KRDO Denver is reporting that Charlotte Figi has passed away from COVID-19 at the age of 13.
Charlotte was the little 6-year-old girl with Dravet Syndrome, an incapacitating form of childhood epilepsy, who was featured in the 2013 CNN documentary, “Weed,” starring Dr. Sanjay Gupta. His experience with Charlotte became a breakthrough in the world of medical marijuana.
Take the case of Charlotte Figi, who I met in Colorado. She started having seizures soon after birth. By age 3, she was having 300 a week, despite being on seven different medications. Medical marijuana has calmed her brain, limiting her seizures to 2 or 3 per month.
I have seen more patients like Charlotte first hand, spent time with them and come to the realization that it is irresponsible not to provide the best care we can as a medical community, care that could involve marijuana.
We have been terribly and systematically misled for nearly 70 years in the United States, and I apologize for my own role in that.
Dr.

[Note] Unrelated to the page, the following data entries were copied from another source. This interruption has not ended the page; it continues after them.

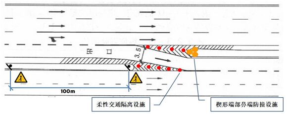 (4)應(yīng)在出口三角楔形端部鼻端處安放必要防車(chē)輛碰撞設(shè)施,最簡(jiǎn)易的操作即3個(gè)防撞桶;并建議在此處安裝一盞霧燈(持續(xù)閃爍)或一塊(兩側(cè)通行)太陽(yáng)能點(diǎn)陣式線形誘導(dǎo)標(biāo)(即太陽(yáng)能道口標(biāo))。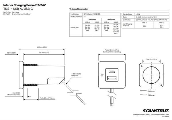 Tile USB HIZLIDIR! 12V sistemde 36W'a veya 24V sistemde 60W'a kadar şarj eder. Bu, onu modern dizüstü bilgisayarları ve büyük tabletleri, telefonları ve tekneeki diğer USB-C ile çalışan cihazları şarj etmek için mükemmel hale getirir.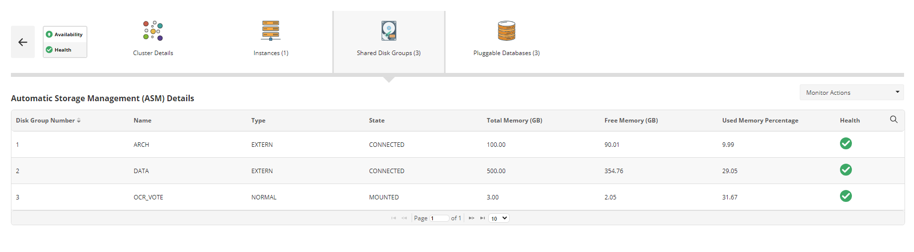 Monitor Disk Group types and states to identify any disk group that might be in a degraded state due to disk failures. Initiate repair actions promptly to prevent disruptions to the database service. Isolate disk groups that are heavily utilized and redistribute data across disks to balance the load and improve performance. You can even anticipate data growth based on 'Used Memory' percentage and execute the necessary expansions or archiving strategies.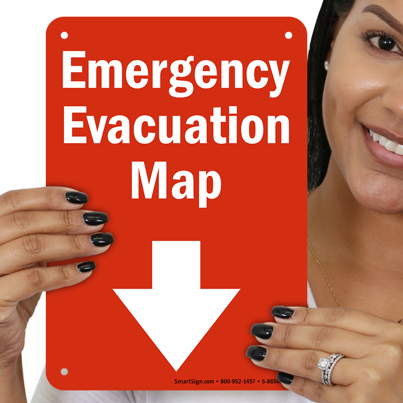 Emergency Evacuation Sign: Emergency Evacuation Map (with Down Arrow) S-8650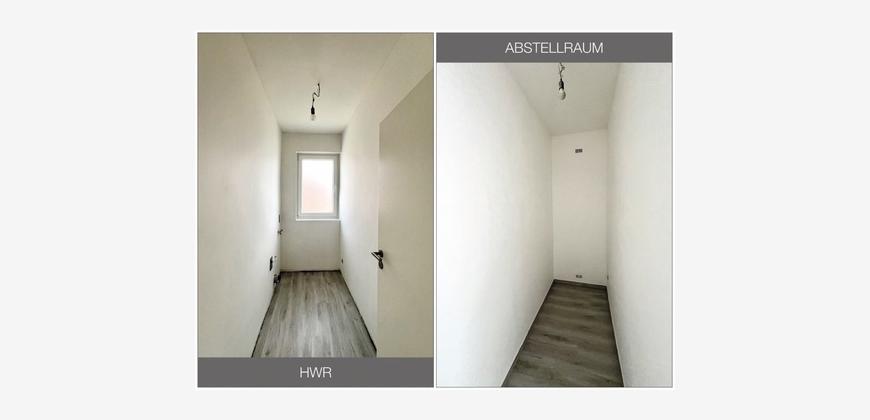 Im Zuge der Modernisierung wurden alle Räume, mit Ausnahme der beiden Schlafräume, mit einem einheitlichen Vinylboden ausgelegt. In den Schlafzimmern wurde bewusst auf einen Bodenbelag verzichtet, um dem Mieter die Möglichkeit zu geben, diesen nach eigenen Vorstellungen zu wählen und zu verlegen. Die Fenster wurden mit elektrischen Rollläden ausgestattet, was den Wohnkomfort zusätzlich steigert.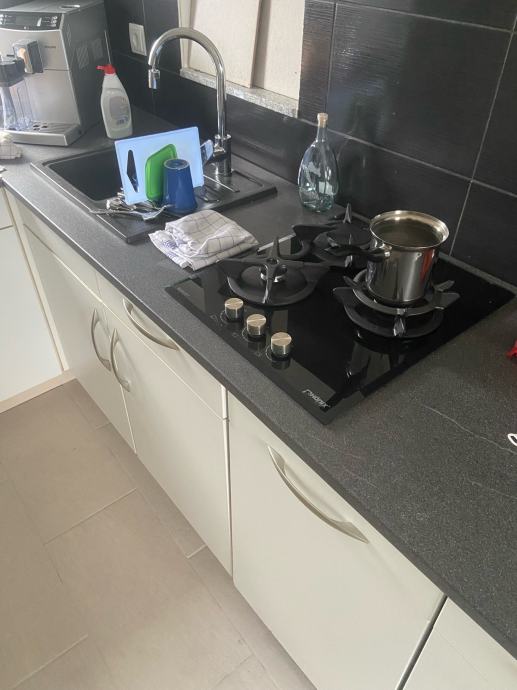 Kuhinjsi blok komplet kao na slikama, sa perilicom, staklena ploča na plin, sudoper kamen/marmor, aparat za kafu philips,hladnjak sa ledenicom(tri ladice)

Sanjay Gupta, “Why I changed my mind on weed“
Charlotte started having seizures at three months old. She had suffered hundreds of grand mal seizures, which were stunting her development and risking her life.
Then she was given an oil extracted from a cannabis plant that was so low in THC and high in CBD it was first named “Hippie’s Disappointment,” because of its lack of intoxicating effects
Charlotte’s seizures dropped to two or three per month. In her honor, the strain’s developers, the Stanley Brothers, renamed the strain “Charlotte’s Web.”
Dr. Gupta’s about-face on medical marijuana and presentation of Charlotte’s case on CNN rocked the world. For decades, the plaintive wail of the prohibitionist was, “What about the children?!” With Charlotte’s case, that question was turned around for parents seeking treatment for their children with medical marijuana – “What about the children,” indeed.
That led desperate parents in non-medical marijuana states to become what have been come to known as “medical refugees,” fleeing their home prohibition for Colorado and other states that would allow children to be given this low-THC, high-CBD oil proven so beneficial for epilepsy.
By 2014, Utah – Utah! – became the first state to offer relief to these parents by legalizing the medicinal use of low-THC CBD oil for treatment of childhood seizures. Soon thereafter, fourteen states followed suit, many in states in regions with antipathy toward marijuana, like the Midwest and the South.
Today, thanks in part to the visibility of Charlotte’s success in that 2013 special, every state in the United States allows parents to use some level of low-THC high-CBD oil to treat childhood seizures – except Idaho and South Dakota (and S.D. has medical marijuana on the 2020 ballot).
Charlotte Figi did more to change marijuana laws in a shorter time just by surviving than any think tank, organization, or philanthropist. May her friends and family find comfort in knowing the impact she had on the world.